No one truly expected the contest in Easton, Penn., to be competitive. No one was mistaken. Once again, the Crimson was simply on a different level than its opponent from start to finish.

So, it seems appropriate to wonder: when will the preseason actually end for Harvard football?

Will it be this coming Saturday against Princeton? In recent seasons, the Tigers have played the Crimson extremely tough, with the notable exception of their 42-point defeat last year in New Jersey. Keep in mind that Harvard’s last loss came in 2013 at the hands of Princeton.

But the Tigers have exhibited signs of weakness so far in 2015. Princeton narrowly escaped an upset three games ago at the hands of lowly Columbia in rainy weather. This past weekend, the black and orange faltered late and fell at the hands of Brown, 38-31. For context, Harvard thrashed the Bears by 26 points in week two, with most of Brown’s points coming against the Crimson’s second string.

Of course, Harvard can’t afford to overlook Princeton. And a coaching staff that takes every opponent seriously certainly won’t. But it seems a stretch to say that the Crimson will encounter an equal foe when the Tigers come to Cambridge on Saturday.

So, once again, when will the preseason end? Answer: in week seven. Against Dartmouth.

For the first time, Harvard will face a worthy adversary. Indeed, despite the absence of a championship pedigree for the Big Green in recent years, the Crimson would be wise to look at Dartmouth as an equal.

Harvard’s offense has been historically dominant over the first five games of the year. It is averaging 44 points a game, good for the program’s best mark since 1892. (That’s right, 123 years ago.)
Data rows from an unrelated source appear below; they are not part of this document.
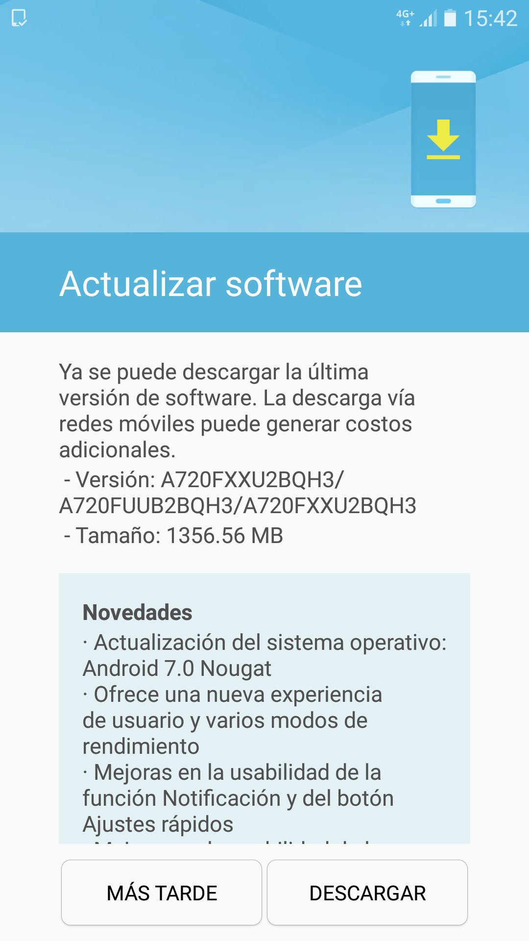 Como pudiste leer en la captura de pantalla enviado por uno de nuestros lectores, la actualización trae consigo a Android 7.0 Nougat que es la versión más reciente del sistema operativo móvil de Google, además de ofrecer una experiencia gráfica renovada, muy similar a la que vemos en la actualidad en los Galaxy S7.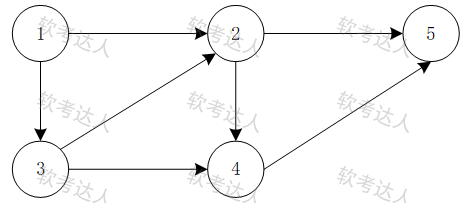 对于如下所示的有向图,其邻接矩阵是一个( )的矩阵。采用邻接链表存储时,顶点1的表结点个数为2,顶点5的表结点个数为0,顶点2和3的表结点个数分別为( )。
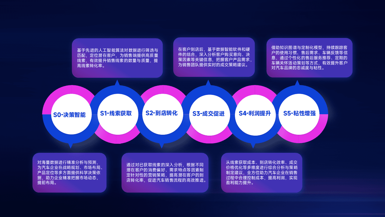 通过拓宽潜在客户来源、、优化线索分配并提高到店转化率,,以增强销售效率。。。。同时,,,,利用线索数据不断优化分析模型,,有效提升转化率,,,,扩大营销影响力。。。。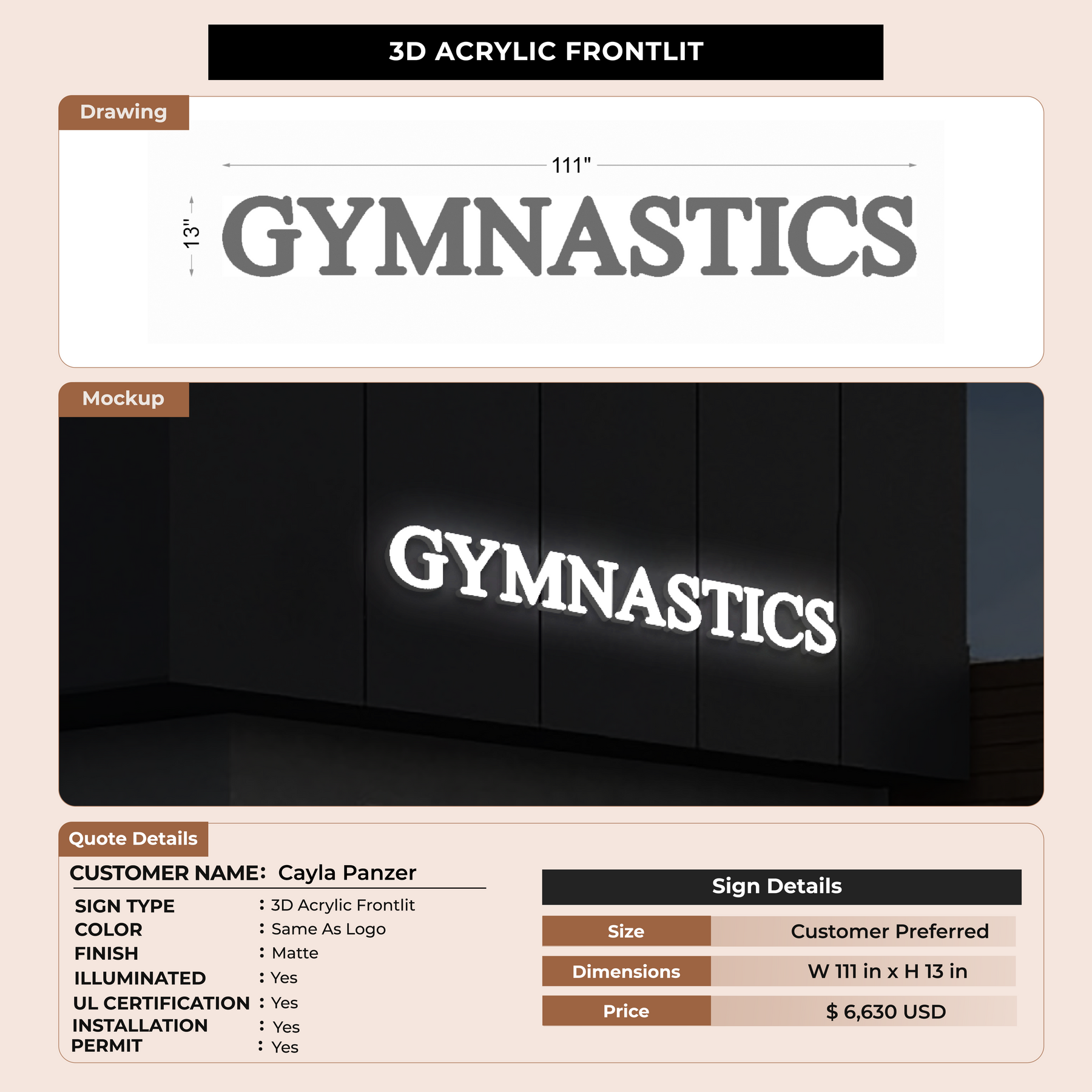 3D Acrylic Front-lit Signs For Cayla Panzer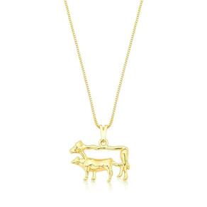 Este colar foi elaborado com Corrente Veneziana e um lindo pingente com a silhueta de uma vaca e seu bezerro. Com detalhes minimalistas, seu Revestimento em Ouro traz a qualidade e beleza que esta joia merece. Um símbolo gracioso de amor ao Agro!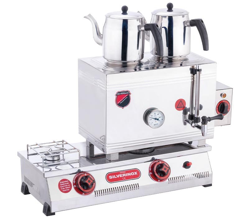 SilverInox 40 Model Ekonomik 2 Demlikli Çay Ocağı Çift Taban 28 L Elektrikli + Doğalgazlı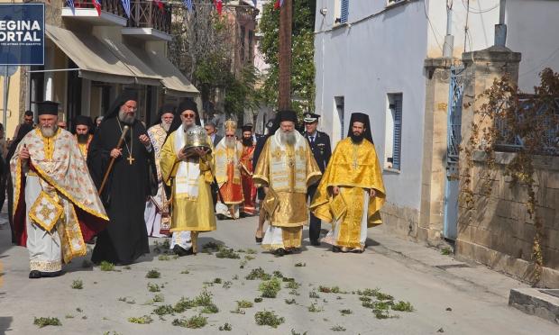Με ζεστό, ηλιόλουστο καιρό και πολύ μεγάλη προσέλευση πιστών πραγματοποιήθηκε η λιτάνευση της Αγίας Κάρας, της Ιεράς Εικόνας και των Τιμίων Λειψάνων του Αγίου Νεκταρίου, στην παραλία του νησιού και στους δρόμους του ιστορικού κέντρου.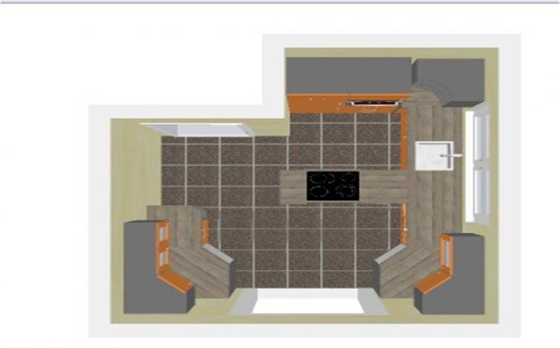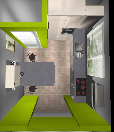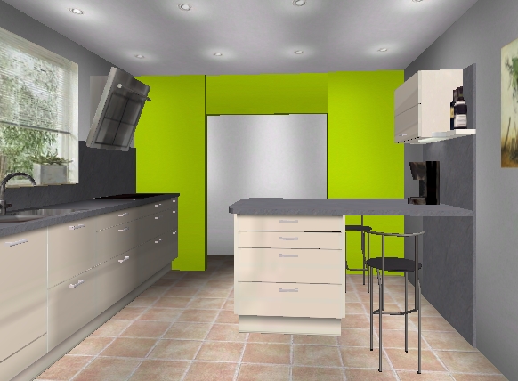 Ich habe mal noch eine richtig große Halbinsel dazugepackt. Die könnte da eher stören und als Barriere gelten. Wäre aber gut erreichbarer Arbeitsplatz sowohl von Spüle als auch vom Kochfeld und bietet 2 dicke Sitzplätze.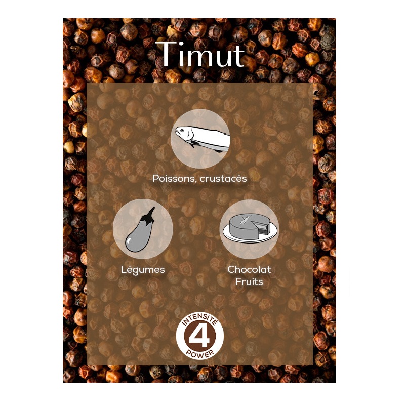 Timut Poivre sauvage du Népal, 40g - 4 sachets fraicheur de 10g Provenant du Népal, cette baie sauvage pousse à plus de 2000 mètres d’altitude. Peu piquante, elle surprend par ses saveurs acidulées et ses notes d’agrumes étonnantes.

But Dartmouth’s attack may be equally prolific, and it all starts with senior quarterback Dalyn Williams. The NFL prospect has made just about everything look easy so far this year, and his dual-threat running and passing ability has propelled Dartmouth to a 5-0 record.

Perhaps the Big Green’s most complete performance came in a 35-3 drubbing of Yale two weekends ago. Williams threw for a school-record 435 yards and four touchdowns.

So, yeah, the Dartmouth offense is pretty strong. But the team’s defense is intimidating in its own right, ranking just behind Harvard with a meager 9.4 points allowed per game.

If you’re a true Crimson fan, you’ve had this game circled in red on the schedule before the season even began. The championship race in the Ivy League will swing significantly based on the outcome of the heavyweight battle next Friday under the lights of Harvard Stadium.

This Saturday against Princeton could end up as just another rout, or it could mark the first game of the year when the Harvard starters aren’t removed in the second half. Who can say for sure? Either way, though, the preseason will come to a definitive end on Oct. 30 against the Big Green.

And it couldn’t come soon enough.

The 2015 Harvard football team has been so dominant that we haven’t once seen the unit tested. We’ll soon find out what kind of team the Crimson is when it’s thrown into the fire.